* Instructions for the task
Give the records back exactly as written, but without the images.

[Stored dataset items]
□ □ □ □

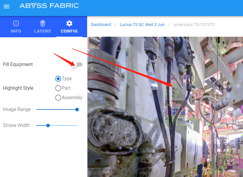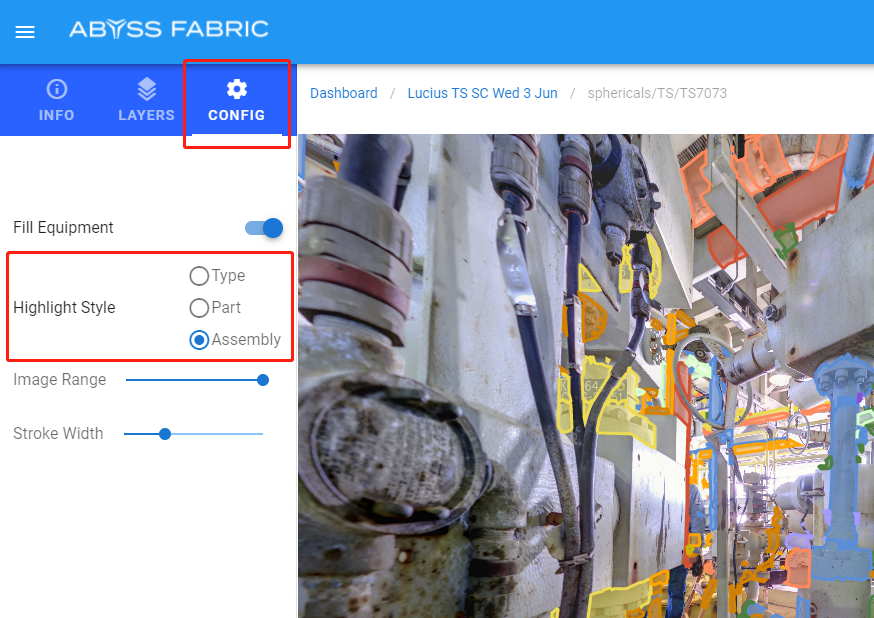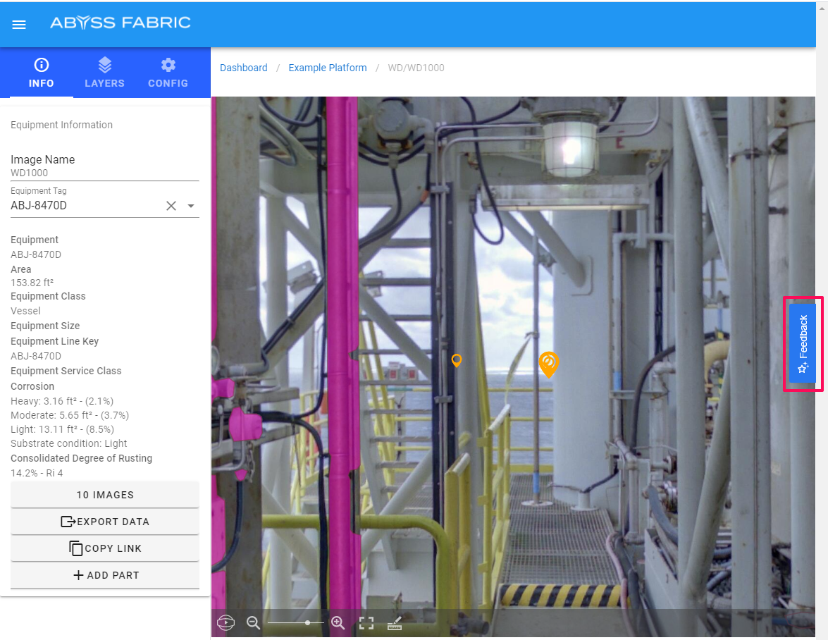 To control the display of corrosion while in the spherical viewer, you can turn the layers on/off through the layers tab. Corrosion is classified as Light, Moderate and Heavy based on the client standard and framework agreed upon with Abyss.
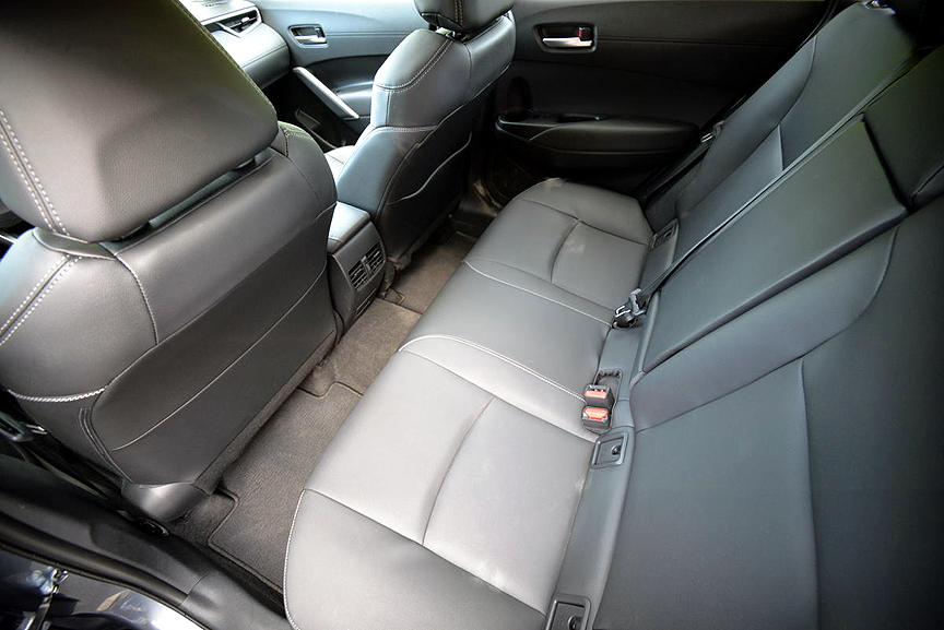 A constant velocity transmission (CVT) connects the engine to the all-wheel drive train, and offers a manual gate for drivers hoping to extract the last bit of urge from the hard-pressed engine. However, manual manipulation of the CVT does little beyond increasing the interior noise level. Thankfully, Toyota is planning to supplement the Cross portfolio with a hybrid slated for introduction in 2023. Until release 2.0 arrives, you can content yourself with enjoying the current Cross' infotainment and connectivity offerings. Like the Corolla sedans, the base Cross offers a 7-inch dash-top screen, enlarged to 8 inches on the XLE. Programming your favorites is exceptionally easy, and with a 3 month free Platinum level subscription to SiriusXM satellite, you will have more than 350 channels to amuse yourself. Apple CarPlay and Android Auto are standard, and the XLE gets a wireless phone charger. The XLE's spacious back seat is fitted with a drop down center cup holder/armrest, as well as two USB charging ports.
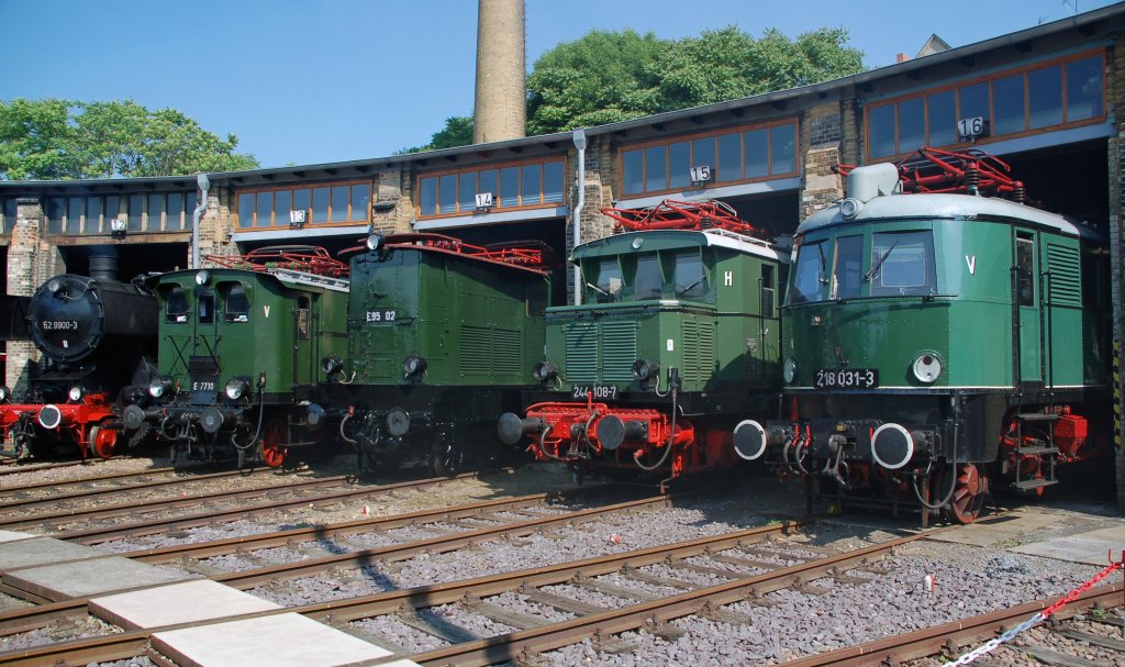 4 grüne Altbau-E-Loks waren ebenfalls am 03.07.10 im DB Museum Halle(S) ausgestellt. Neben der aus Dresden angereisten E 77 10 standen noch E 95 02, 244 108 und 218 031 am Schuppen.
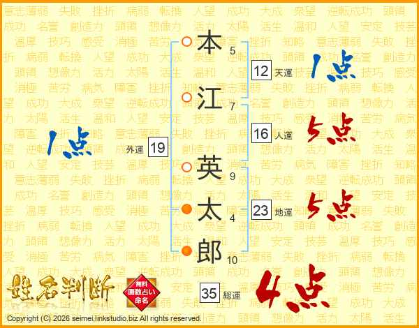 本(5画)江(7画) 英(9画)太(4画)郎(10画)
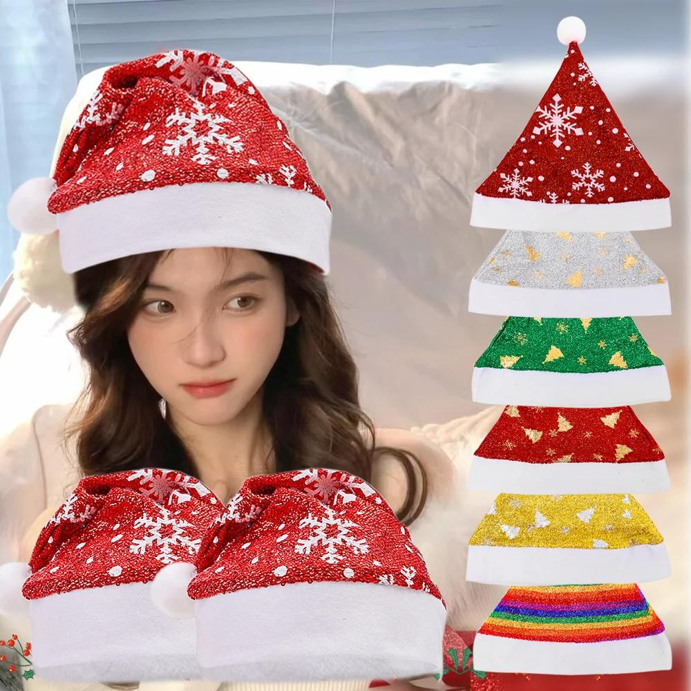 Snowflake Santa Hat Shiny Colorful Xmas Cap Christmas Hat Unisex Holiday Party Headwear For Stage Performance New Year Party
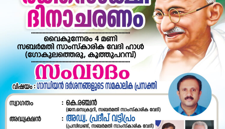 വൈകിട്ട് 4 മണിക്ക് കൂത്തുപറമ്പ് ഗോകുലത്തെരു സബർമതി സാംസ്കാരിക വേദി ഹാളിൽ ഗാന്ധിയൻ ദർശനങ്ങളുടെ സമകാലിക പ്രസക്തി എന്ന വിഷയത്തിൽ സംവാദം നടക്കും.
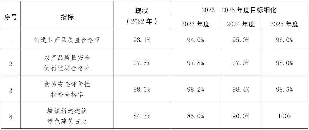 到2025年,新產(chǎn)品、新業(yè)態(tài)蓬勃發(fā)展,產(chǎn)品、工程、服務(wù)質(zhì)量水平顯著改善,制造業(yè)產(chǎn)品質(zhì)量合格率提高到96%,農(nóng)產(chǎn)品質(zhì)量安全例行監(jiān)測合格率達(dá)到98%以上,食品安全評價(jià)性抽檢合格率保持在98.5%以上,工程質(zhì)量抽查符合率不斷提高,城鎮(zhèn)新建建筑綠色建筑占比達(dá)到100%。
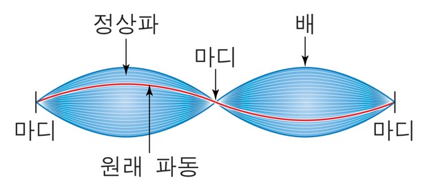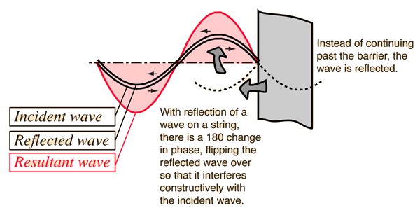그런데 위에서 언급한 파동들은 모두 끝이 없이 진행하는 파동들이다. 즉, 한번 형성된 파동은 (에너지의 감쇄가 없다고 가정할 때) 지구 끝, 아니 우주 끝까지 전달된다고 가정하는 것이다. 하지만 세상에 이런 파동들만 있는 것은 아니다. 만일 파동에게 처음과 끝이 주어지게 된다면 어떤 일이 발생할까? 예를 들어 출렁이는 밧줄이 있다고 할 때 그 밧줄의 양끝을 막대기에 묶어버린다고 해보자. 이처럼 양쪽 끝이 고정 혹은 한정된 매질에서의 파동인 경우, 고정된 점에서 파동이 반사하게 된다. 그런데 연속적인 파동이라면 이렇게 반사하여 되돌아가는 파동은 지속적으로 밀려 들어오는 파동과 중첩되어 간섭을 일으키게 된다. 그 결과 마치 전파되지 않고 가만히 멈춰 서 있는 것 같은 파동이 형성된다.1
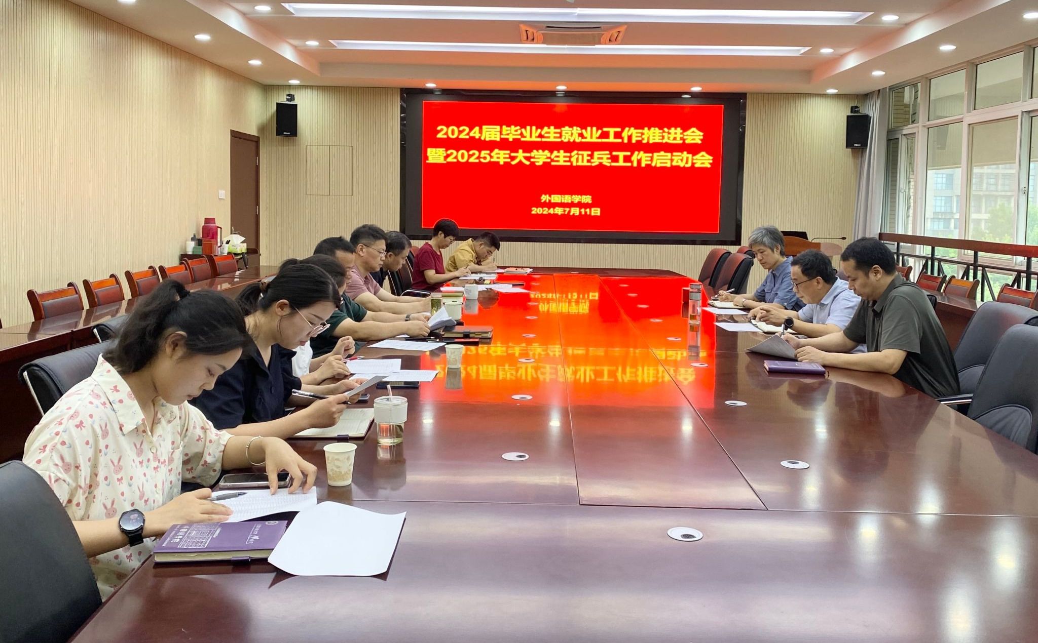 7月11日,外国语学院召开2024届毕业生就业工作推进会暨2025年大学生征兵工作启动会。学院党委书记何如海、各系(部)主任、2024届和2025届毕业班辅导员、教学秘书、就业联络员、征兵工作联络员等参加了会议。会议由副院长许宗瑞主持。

□ □ □ □

* Task output
 To control the display of corrosion while in the spherical viewer, you can turn the layers on/off through the layers tab. Corrosion is classified as Light, Moderate and Heavy based on the client standard and framework agreed upon with Abyss.
 A constant velocity transmission (CVT) connects the engine to the all-wheel drive train, and offers a manual gate for drivers hoping to extract the last bit of urge from the hard-pressed engine. However, manual manipulation of the CVT does little beyond increasing the interior noise level. Thankfully, Toyota is planning to supplement the Cross portfolio with a hybrid slated for introduction in 2023. Until release 2.0 arrives, you can content yourself with enjoying the current Cross' infotainment and connectivity offerings. Like the Corolla sedans, the base Cross offers a 7-inch dash-top screen, enlarged to 8 inches on the XLE. Programming your favorites is exceptionally easy, and with a 3 month free Platinum level subscription to SiriusXM satellite, you will have more than 350 channels to amuse yourself. Apple CarPlay and Android Auto are standard, and the XLE gets a wireless phone charger. The XLE's spacious back seat is fitted with a drop down center cup holder/armrest, as well as two USB charging ports.
 4 grüne Altbau-E-Loks waren ebenfalls am 03.07.10 im DB Museum Halle(S) ausgestellt. Neben der aus Dresden angereisten E 77 10 standen noch E 95 02, 244 108 und 218 031 am Schuppen.
 本(5画)江(7画) 英(9画)太(4画)郎(10画)
 Snowflake Santa Hat Shiny Colorful Xmas Cap Christmas Hat Unisex Holiday Party Headwear For Stage Performance New Year Party
 വൈകിട്ട് 4 മണിക്ക് കൂത്തുപറമ്പ് ഗോകുലത്തെരു സബർമതി സാംസ്കാരിക വേദി ഹാളിൽ ഗാന്ധിയൻ ദർശനങ്ങളുടെ സമകാലിക പ്രസക്തി എന്ന വിഷയത്തിൽ സംവാദം നടക്കും.
 到2025年,新產(chǎn)品、新業(yè)態(tài)蓬勃發(fā)展,產(chǎn)品、工程、服務(wù)質(zhì)量水平顯著改善,制造業(yè)產(chǎn)品質(zhì)量合格率提高到96%,農(nóng)產(chǎn)品質(zhì)量安全例行監(jiān)測合格率達(dá)到98%以上,食品安全評價(jià)性抽檢合格率保持在98.5%以上,工程質(zhì)量抽查符合率不斷提高,城鎮(zhèn)新建建筑綠色建筑占比達(dá)到100%。
그런데 위에서 언급한 파동들은 모두 끝이 없이 진행하는 파동들이다. 즉, 한번 형성된 파동은 (에너지의 감쇄가 없다고 가정할 때) 지구 끝, 아니 우주 끝까지 전달된다고 가정하는 것이다. 하지만 세상에 이런 파동들만 있는 것은 아니다. 만일 파동에게 처음과 끝이 주어지게 된다면 어떤 일이 발생할까? 예를 들어 출렁이는 밧줄이 있다고 할 때 그 밧줄의 양끝을 막대기에 묶어버린다고 해보자. 이처럼 양쪽 끝이 고정 혹은 한정된 매질에서의 파동인 경우, 고정된 점에서 파동이 반사하게 된다. 그런데 연속적인 파동이라면 이렇게 반사하여 되돌아가는 파동은 지속적으로 밀려 들어오는 파동과 중첩되어 간섭을 일으키게 된다. 그 결과 마치 전파되지 않고 가만히 멈춰 서 있는 것 같은 파동이 형성된다.1
 7月11日,外国语学院召开2024届毕业生就业工作推进会暨2025年大学生征兵工作启动会。学院党委书记何如海、各系(部)主任、2024届和2025届毕业班辅导员、教学秘书、就业联络员、征兵工作联络员等参加了会议。会议由副院长许宗瑞主持。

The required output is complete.